### [Assignment]
Reproduce the following material exactly, including every line.

### [Given material]
»»

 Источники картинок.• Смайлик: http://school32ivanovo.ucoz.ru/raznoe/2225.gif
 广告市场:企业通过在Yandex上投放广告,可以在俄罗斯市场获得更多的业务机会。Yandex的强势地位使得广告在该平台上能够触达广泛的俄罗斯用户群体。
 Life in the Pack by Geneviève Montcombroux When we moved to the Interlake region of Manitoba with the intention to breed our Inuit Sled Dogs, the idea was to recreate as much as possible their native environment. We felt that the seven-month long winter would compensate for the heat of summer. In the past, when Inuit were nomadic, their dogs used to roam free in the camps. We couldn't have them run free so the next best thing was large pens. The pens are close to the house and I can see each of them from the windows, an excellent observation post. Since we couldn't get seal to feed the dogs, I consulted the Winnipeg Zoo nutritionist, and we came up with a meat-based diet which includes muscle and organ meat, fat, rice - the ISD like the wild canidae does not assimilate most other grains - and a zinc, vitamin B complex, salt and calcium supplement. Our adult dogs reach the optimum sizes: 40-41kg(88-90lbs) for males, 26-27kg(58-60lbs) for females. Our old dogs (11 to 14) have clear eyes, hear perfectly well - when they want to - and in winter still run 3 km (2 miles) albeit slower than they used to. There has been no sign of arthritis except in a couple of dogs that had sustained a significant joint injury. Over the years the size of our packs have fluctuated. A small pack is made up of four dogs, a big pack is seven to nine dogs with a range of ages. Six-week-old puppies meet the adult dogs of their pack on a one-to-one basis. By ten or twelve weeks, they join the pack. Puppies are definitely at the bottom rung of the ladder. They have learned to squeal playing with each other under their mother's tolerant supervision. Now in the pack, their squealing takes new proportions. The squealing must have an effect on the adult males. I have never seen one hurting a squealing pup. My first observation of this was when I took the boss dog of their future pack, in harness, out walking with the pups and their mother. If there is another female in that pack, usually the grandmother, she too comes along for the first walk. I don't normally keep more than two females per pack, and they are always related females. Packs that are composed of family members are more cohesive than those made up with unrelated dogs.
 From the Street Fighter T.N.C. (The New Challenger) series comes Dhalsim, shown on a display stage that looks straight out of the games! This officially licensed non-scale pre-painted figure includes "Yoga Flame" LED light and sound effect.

««

### [Response box]
 Источники картинок.• Смайлик: http://school32ivanovo.ucoz.ru/raznoe/2225.gif
 广告市场:企业通过在Yandex上投放广告,可以在俄罗斯市场获得更多的业务机会。Yandex的强势地位使得广告在该平台上能够触达广泛的俄罗斯用户群体。
 Life in the Pack by Geneviève Montcombroux When we moved to the Interlake region of Manitoba with the intention to breed our Inuit Sled Dogs, the idea was to recreate as much as possible their native environment. We felt that the seven-month long winter would compensate for the heat of summer. In the past, when Inuit were nomadic, their dogs used to roam free in the camps. We couldn't have them run free so the next best thing was large pens. The pens are close to the house and I can see each of them from the windows, an excellent observation post. Since we couldn't get seal to feed the dogs, I consulted the Winnipeg Zoo nutritionist, and we came up with a meat-based diet which includes muscle and organ meat, fat, rice - the ISD like the wild canidae does not assimilate most other grains - and a zinc, vitamin B complex, salt and calcium supplement. Our adult dogs reach the optimum sizes: 40-41kg(88-90lbs) for males, 26-27kg(58-60lbs) for females. Our old dogs (11 to 14) have clear eyes, hear perfectly well - when they want to - and in winter still run 3 km (2 miles) albeit slower than they used to. There has been no sign of arthritis except in a couple of dogs that had sustained a significant joint injury. Over the years the size of our packs have fluctuated. A small pack is made up of four dogs, a big pack is seven to nine dogs with a range of ages. Six-week-old puppies meet the adult dogs of their pack on a one-to-one basis. By ten or twelve weeks, they join the pack. Puppies are definitely at the bottom rung of the ladder. They have learned to squeal playing with each other under their mother's tolerant supervision. Now in the pack, their squealing takes new proportions. The squealing must have an effect on the adult males. I have never seen one hurting a squealing pup. My first observation of this was when I took the boss dog of their future pack, in harness, out walking with the pups and their mother. If there is another female in that pack, usually the grandmother, she too comes along for the first walk. I don't normally keep more than two females per pack, and they are always related females. Packs that are composed of family members are more cohesive than those made up with unrelated dogs.
 From the Street Fighter T.N.C. (The New Challenger) series comes Dhalsim, shown on a display stage that looks straight out of the games! This officially licensed non-scale pre-painted figure includes "Yoga Flame" LED light and sound effect.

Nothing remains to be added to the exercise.